> _Task goal_
In the entries below, find the line with "采訪中,作為奇才的新面孔,特" and the line with "its own, regardless.". Repeat exactly everything between them, those two lines included, but not the pictures.

> _Data_
************

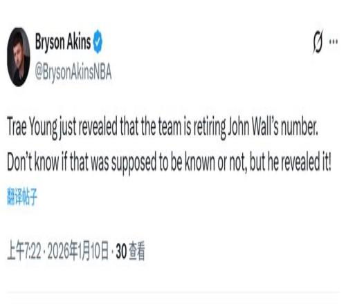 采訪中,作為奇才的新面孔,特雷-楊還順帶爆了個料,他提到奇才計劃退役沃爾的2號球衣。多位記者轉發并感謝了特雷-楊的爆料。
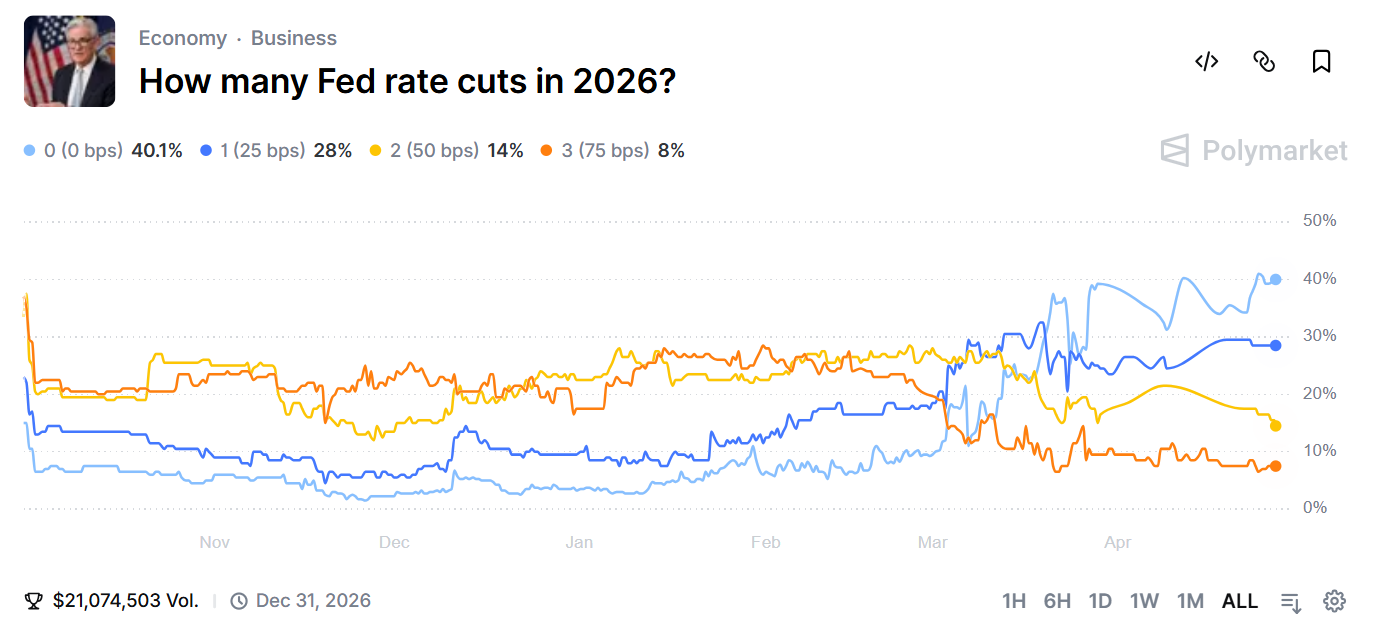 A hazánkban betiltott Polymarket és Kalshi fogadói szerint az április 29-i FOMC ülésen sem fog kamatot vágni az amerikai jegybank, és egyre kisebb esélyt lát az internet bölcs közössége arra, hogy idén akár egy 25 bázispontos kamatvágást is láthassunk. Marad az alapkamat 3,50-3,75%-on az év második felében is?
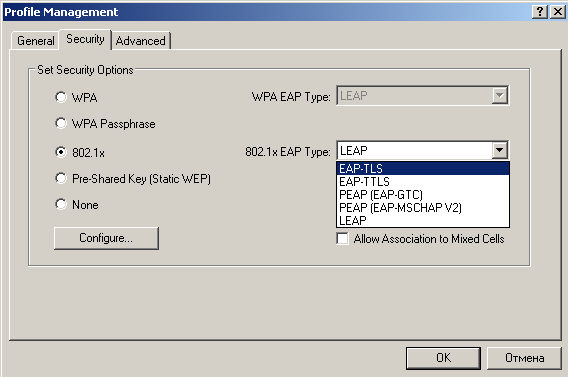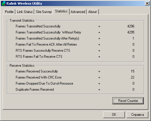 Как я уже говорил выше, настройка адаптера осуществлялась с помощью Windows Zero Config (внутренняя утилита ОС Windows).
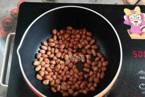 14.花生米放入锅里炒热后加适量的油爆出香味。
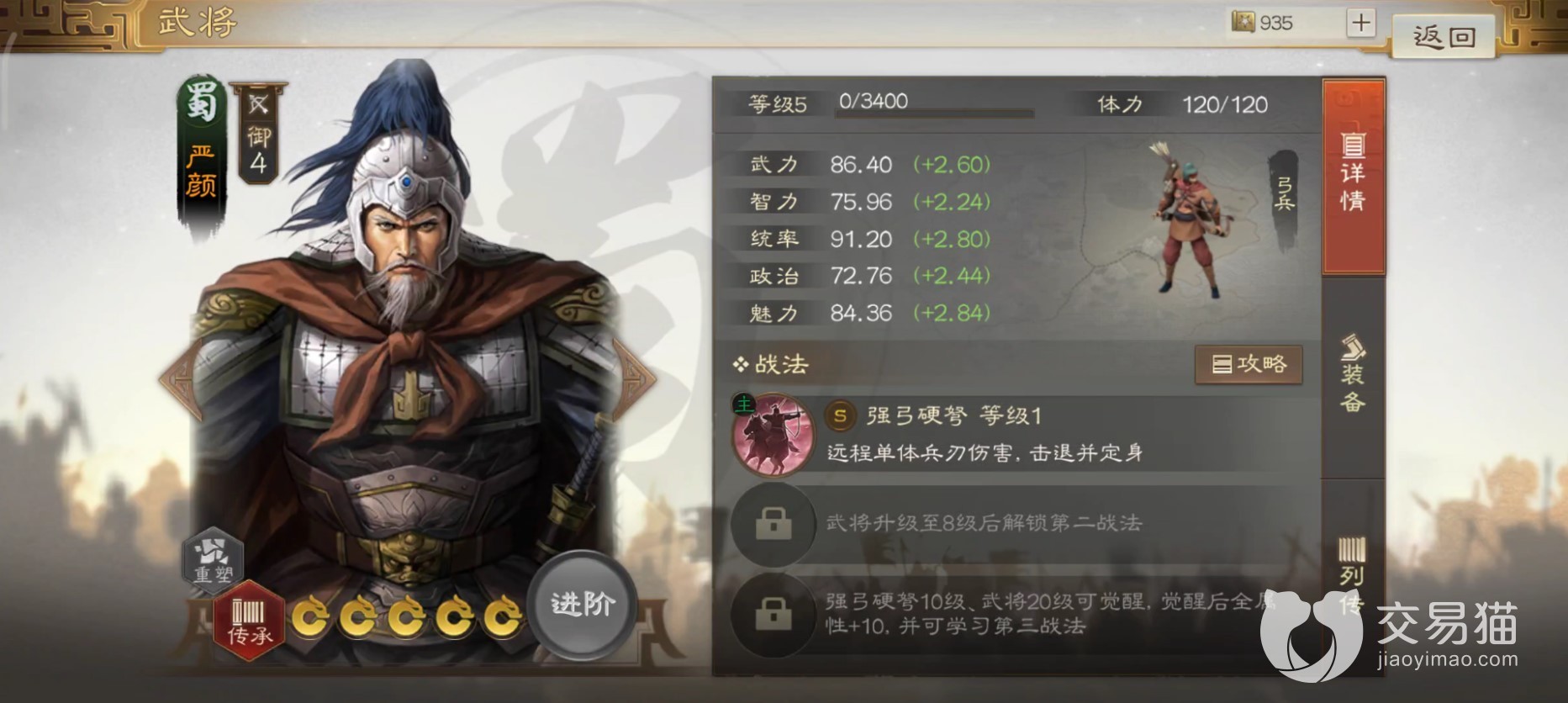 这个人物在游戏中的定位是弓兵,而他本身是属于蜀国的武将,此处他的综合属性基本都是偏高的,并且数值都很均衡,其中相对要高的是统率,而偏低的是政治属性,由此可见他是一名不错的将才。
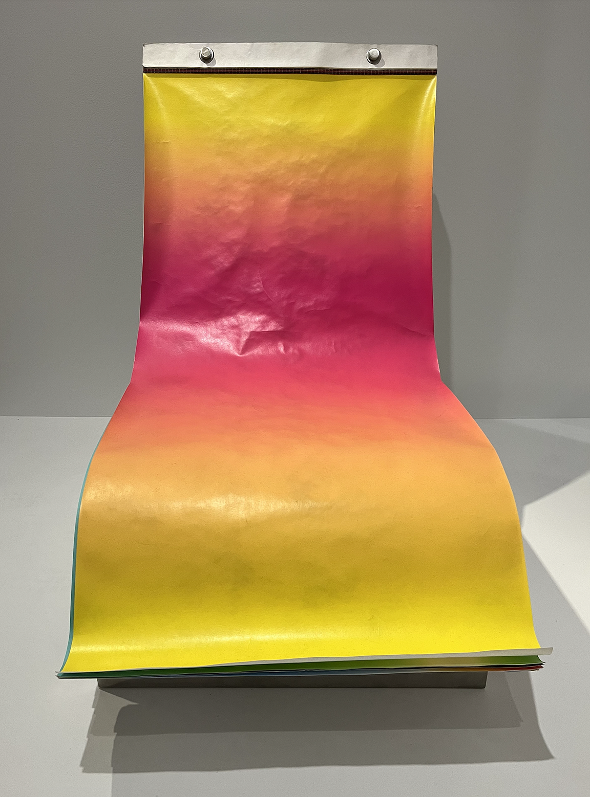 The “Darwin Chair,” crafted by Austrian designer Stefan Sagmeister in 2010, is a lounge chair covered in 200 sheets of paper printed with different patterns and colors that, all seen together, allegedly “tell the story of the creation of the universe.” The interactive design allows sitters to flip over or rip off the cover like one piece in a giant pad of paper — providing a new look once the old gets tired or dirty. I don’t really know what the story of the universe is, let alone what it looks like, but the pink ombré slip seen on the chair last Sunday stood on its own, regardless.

************

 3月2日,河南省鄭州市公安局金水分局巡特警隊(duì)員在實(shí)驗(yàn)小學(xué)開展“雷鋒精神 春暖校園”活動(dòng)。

************

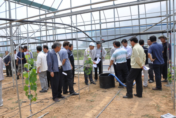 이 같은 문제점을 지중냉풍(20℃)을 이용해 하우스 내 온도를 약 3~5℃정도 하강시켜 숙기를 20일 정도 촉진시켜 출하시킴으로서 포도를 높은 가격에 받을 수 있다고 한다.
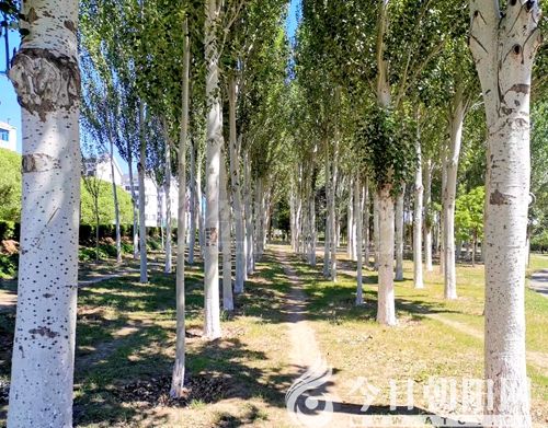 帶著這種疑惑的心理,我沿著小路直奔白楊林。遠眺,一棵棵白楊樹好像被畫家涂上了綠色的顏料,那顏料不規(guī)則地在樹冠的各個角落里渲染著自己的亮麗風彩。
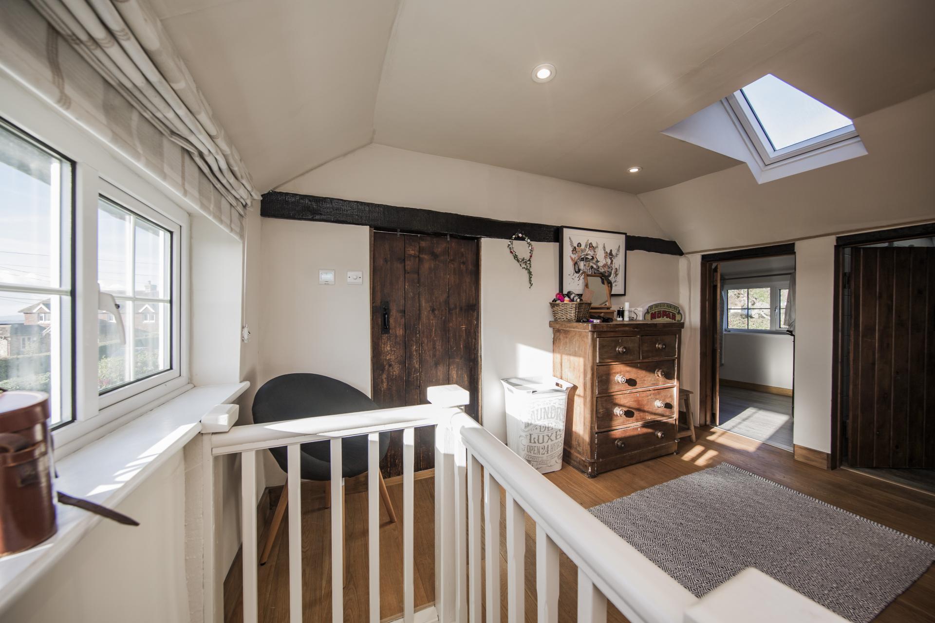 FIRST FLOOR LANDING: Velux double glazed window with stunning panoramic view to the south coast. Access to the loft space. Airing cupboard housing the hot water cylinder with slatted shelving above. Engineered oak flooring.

************

> _Response to this exercise_
 采訪中,作為奇才的新面孔,特雷-楊還順帶爆了個料,他提到奇才計劃退役沃爾的2號球衣。多位記者轉發并感謝了特雷-楊的爆料。
 A hazánkban betiltott Polymarket és Kalshi fogadói szerint az április 29-i FOMC ülésen sem fog kamatot vágni az amerikai jegybank, és egyre kisebb esélyt lát az internet bölcs közössége arra, hogy idén akár egy 25 bázispontos kamatvágást is láthassunk. Marad az alapkamat 3,50-3,75%-on az év második felében is?
 Как я уже говорил выше, настройка адаптера осуществлялась с помощью Windows Zero Config (внутренняя утилита ОС Windows).
 14.花生米放入锅里炒热后加适量的油爆出香味。
 这个人物在游戏中的定位是弓兵,而他本身是属于蜀国的武将,此处他的综合属性基本都是偏高的,并且数值都很均衡,其中相对要高的是统率,而偏低的是政治属性,由此可见他是一名不错的将才。
 The “Darwin Chair,” crafted by Austrian designer Stefan Sagmeister in 2010, is a lounge chair covered in 200 sheets of paper printed with different patterns and colors that, all seen together, allegedly “tell the story of the creation of the universe.” The interactive design allows sitters to flip over or rip off the cover like one piece in a giant pad of paper — providing a new look once the old gets tired or dirty. I don’t really know what the story of the universe is, let alone what it looks like, but the pink ombré slip seen on the chair last Sunday stood on its own, regardless.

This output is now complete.